One more practical note: don't assume the free version of Haiku is fully current on world events. Its reliable knowledge cutoff is Feb 2025 — older than Sonnet 5 and Opus, both at Jan 2026 — so for questions about recent events, Haiku may have stale knowledge.
Why does agentic research change everything?
If you remember Claude's old "deep research" feature as a glorified search summarizer, forget that. The current version plans its own investigation. It maps out a research strategy, runs multiple searches that build on each other's findings, cross-references sources, and returns a structured, cited report — closer to how a human analyst would tackle an open-ended question than a single search-and-summarize pass.
This matters because it changes what you should even ask Claude to do. Instead of "summarize this topic," you can now hand it a genuinely open-ended brief — "what are the tradeoffs between these three market entry strategies" — and let it figure out the research plan itself. Give it room to work; complex agentic research can take several minutes rather than seconds, and that's the tradeoff for depth.
How should you use Claude for coding now?
Sonnet 5's self-correction is the real story here. Instead of just generating code and stopping, it's now reasoning about the broader context of what it built — catching logical dead-ends, awkward edge cases, or design decisions that would eventually break something, often before you even flag the issue.
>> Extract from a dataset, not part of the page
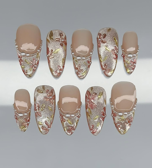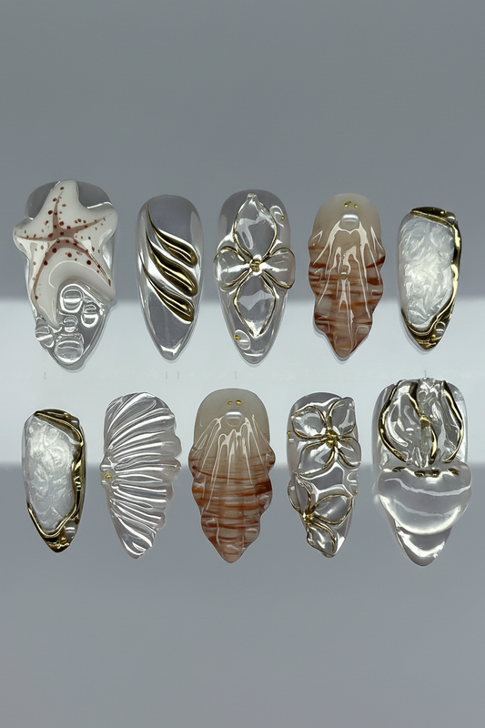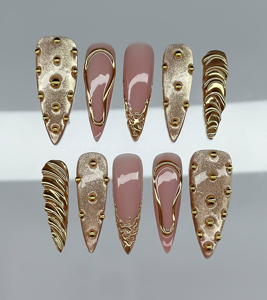 This elegant short press-on set features a sophisticated palette of soft nude and shimmering champagne...

For actual development work, Claude Code is the tool to install rather than pasting code back and forth in the chat window. Claude Code is Anthropic's AI coding CLI that works directly with your files and terminal, integrating into your development environment instead of requiring copy-paste workflows. If you're a developer weighing model choice for real production code, MarkTechPost's benchmark comparison of Sonnet 5, Sonnet 4.6, and Opus 4.8 is worth reading before you commit to a workflow, since Anthropic frames this release around agentic reliability rather than one headline benchmark — longer task chains without losing context, better self-correction when a tool call fails, and steadier behavior across extended sessions inside Claude Code or Cowork.
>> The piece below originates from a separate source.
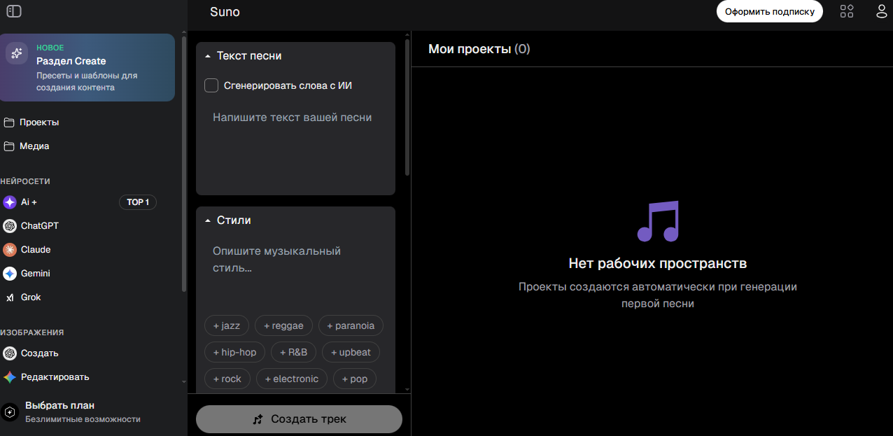 Вы задаете жанр, настроение и идею — и получаете трек с мелодией и вокалом. По сути, сервис сам “придумывает” и аранжировку, и вокальную подачу, поэтому он отлично заходит для демо-песен, интро/аутро и креативных набросков. Если вам нужно именно озвучить текст вашим голосом — проходите мимо, тут другая лига: музыка + вокал, а не TTS.

For high-volume, repetitive coding tasks — batch file edits, routine reviews, quick classification of code changes — spinning up multiple Haiku sub-agents and merging their output back into one clean file is a genuinely underused pattern. It's fast and cheap, and Haiku's speed advantage makes it well suited to exactly this kind of parallel, low-stakes work.
What should beginners do this week?
Don't overthink the model selector. Start every conversation on Sonnet 5 — it's the default for a reason, and Anthropic's own pricing structure backs that up: introductory pricing for Sonnet 5 runs $2 per million input tokens and $10 per million output tokens through August 31, 2026, before moving to standard $3/$15 pricing. Only reach for Opus when a task genuinely stalls out or needs deeper reasoning, and only reach for Fable 5 when the stakes or complexity of the work justify a completely different price tier.
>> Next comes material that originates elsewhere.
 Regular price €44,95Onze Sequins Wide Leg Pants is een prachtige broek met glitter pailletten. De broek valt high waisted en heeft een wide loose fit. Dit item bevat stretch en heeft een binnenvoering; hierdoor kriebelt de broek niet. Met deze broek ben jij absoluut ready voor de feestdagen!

Read Anthropic's models overview documentation once, even if you never touch the API — it's the clearest explanation of what each tier is built for, straight from the source. Pair that with the official Claude Help Center for interface basics, and you'll understand this lineup better than most people who've been using Claude for years.
The model landscape will keep shifting — that's just the pace Anthropic is shipping at right now. But the underlying skill stays the same: matching the size of the tool to the size of the problem. Master that, and every future model release becomes easy to slot into a workflow you already understand.